Excerpted data.
##############################
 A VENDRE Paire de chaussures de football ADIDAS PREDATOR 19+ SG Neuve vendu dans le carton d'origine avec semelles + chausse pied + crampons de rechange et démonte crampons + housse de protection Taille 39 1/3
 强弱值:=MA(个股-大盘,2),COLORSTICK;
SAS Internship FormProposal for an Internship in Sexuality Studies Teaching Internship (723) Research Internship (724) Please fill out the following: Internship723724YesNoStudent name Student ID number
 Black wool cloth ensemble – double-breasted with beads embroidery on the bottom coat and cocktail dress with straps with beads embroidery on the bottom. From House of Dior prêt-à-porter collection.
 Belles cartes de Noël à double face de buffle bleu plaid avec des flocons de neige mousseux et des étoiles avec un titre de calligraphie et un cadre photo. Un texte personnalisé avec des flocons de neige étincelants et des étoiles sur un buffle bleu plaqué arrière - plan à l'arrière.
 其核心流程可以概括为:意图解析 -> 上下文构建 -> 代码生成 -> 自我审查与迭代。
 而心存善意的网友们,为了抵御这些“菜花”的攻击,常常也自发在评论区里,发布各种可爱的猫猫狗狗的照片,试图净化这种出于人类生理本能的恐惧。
##############################
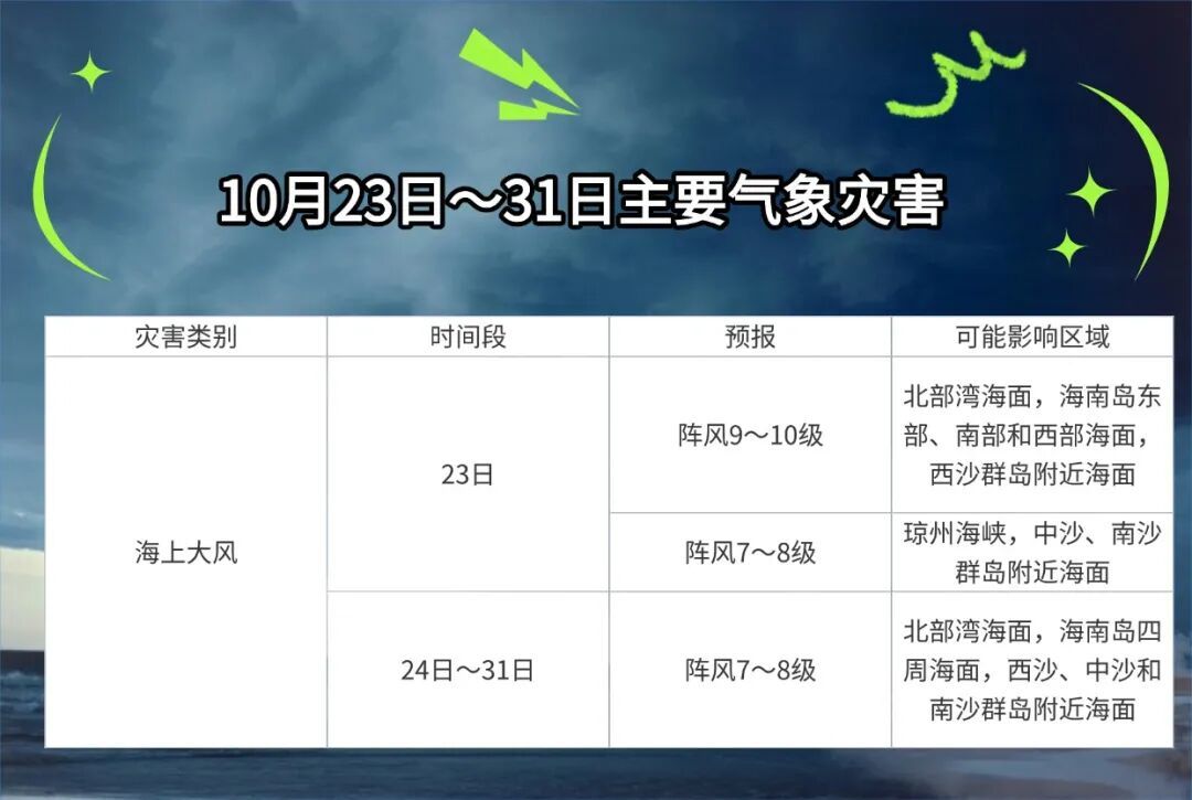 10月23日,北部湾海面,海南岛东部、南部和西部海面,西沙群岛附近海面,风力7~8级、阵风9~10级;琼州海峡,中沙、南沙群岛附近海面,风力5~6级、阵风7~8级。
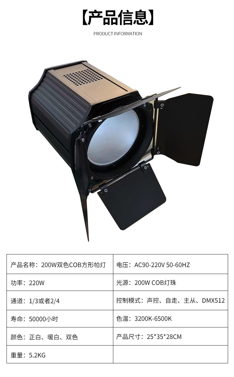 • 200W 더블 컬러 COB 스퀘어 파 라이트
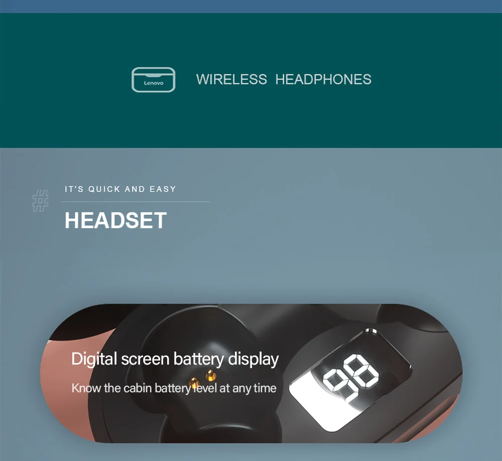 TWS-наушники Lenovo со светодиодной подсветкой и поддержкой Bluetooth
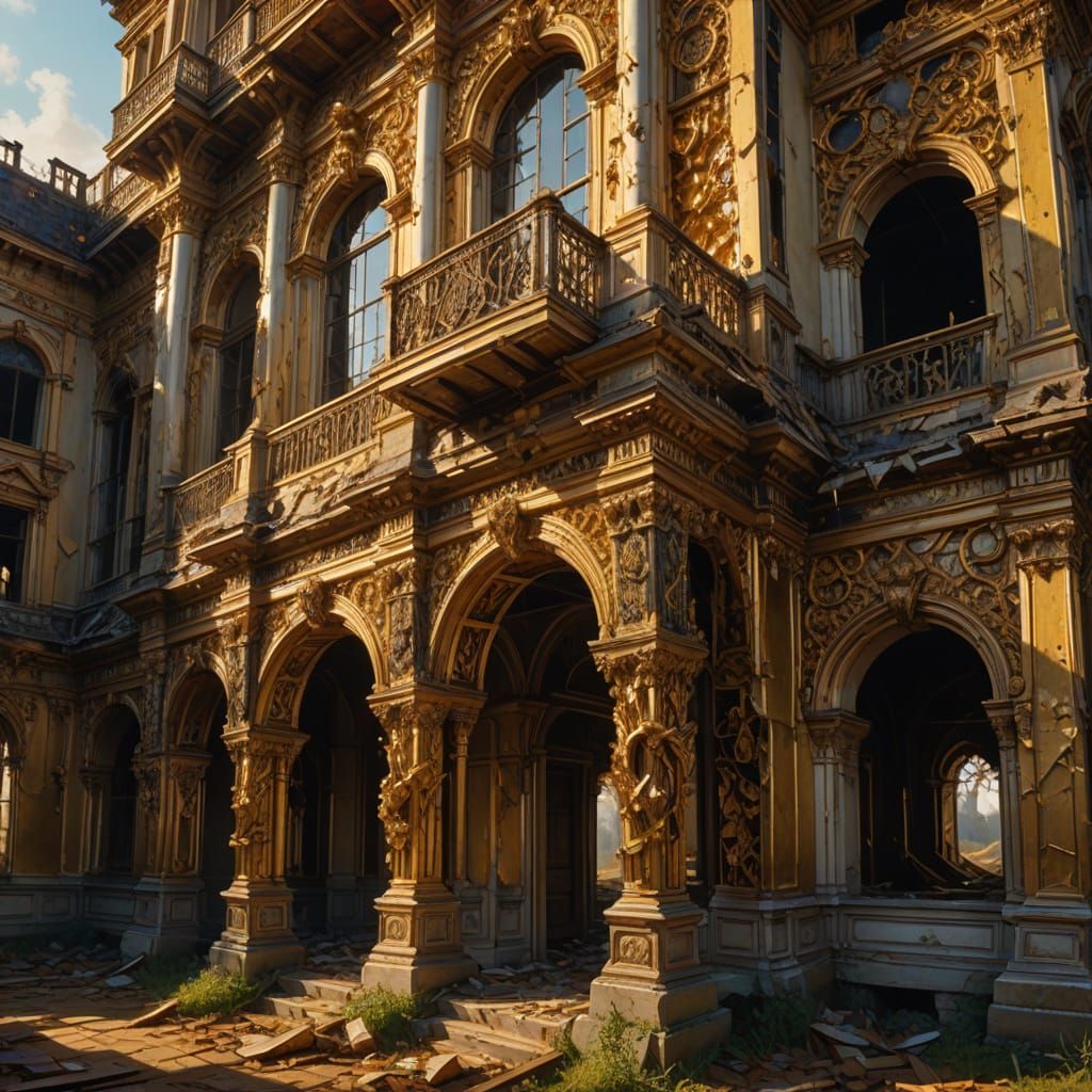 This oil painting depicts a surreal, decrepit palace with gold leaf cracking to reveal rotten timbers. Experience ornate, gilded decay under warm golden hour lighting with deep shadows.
##############################
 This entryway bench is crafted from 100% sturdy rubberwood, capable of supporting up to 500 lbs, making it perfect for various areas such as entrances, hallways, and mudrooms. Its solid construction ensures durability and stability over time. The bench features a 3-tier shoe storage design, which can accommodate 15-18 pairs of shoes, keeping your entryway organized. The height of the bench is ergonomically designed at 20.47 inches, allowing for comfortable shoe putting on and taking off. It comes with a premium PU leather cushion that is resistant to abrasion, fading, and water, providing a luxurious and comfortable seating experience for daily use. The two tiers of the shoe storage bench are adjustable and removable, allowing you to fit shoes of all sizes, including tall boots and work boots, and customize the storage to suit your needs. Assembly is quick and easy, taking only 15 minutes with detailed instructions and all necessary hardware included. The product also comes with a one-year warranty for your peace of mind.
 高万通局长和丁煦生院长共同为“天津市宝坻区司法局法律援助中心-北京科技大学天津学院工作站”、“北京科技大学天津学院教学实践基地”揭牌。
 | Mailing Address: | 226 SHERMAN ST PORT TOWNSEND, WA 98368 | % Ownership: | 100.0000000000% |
##############################
Task description. Restate word for word the lines in the material above from the one with "SAS Internship FormProposal" to the one with "而心存善意的网友们,为了抵御"; both of those lines count, and nothing else does.

Your response.
SAS Internship FormProposal for an Internship in Sexuality Studies Teaching Internship (723) Research Internship (724) Please fill out the following: Internship723724YesNoStudent name Student ID number
 Black wool cloth ensemble – double-breasted with beads embroidery on the bottom coat and cocktail dress with straps with beads embroidery on the bottom. From House of Dior prêt-à-porter collection.
 Belles cartes de Noël à double face de buffle bleu plaid avec des flocons de neige mousseux et des étoiles avec un titre de calligraphie et un cadre photo. Un texte personnalisé avec des flocons de neige étincelants et des étoiles sur un buffle bleu plaqué arrière - plan à l'arrière.
 其核心流程可以概括为:意图解析 -> 上下文构建 -> 代码生成 -> 自我审查与迭代。
 而心存善意的网友们,为了抵御这些“菜花”的攻击,常常也自发在评论区里,发布各种可爱的猫猫狗狗的照片,试图净化这种出于人类生理本能的恐惧。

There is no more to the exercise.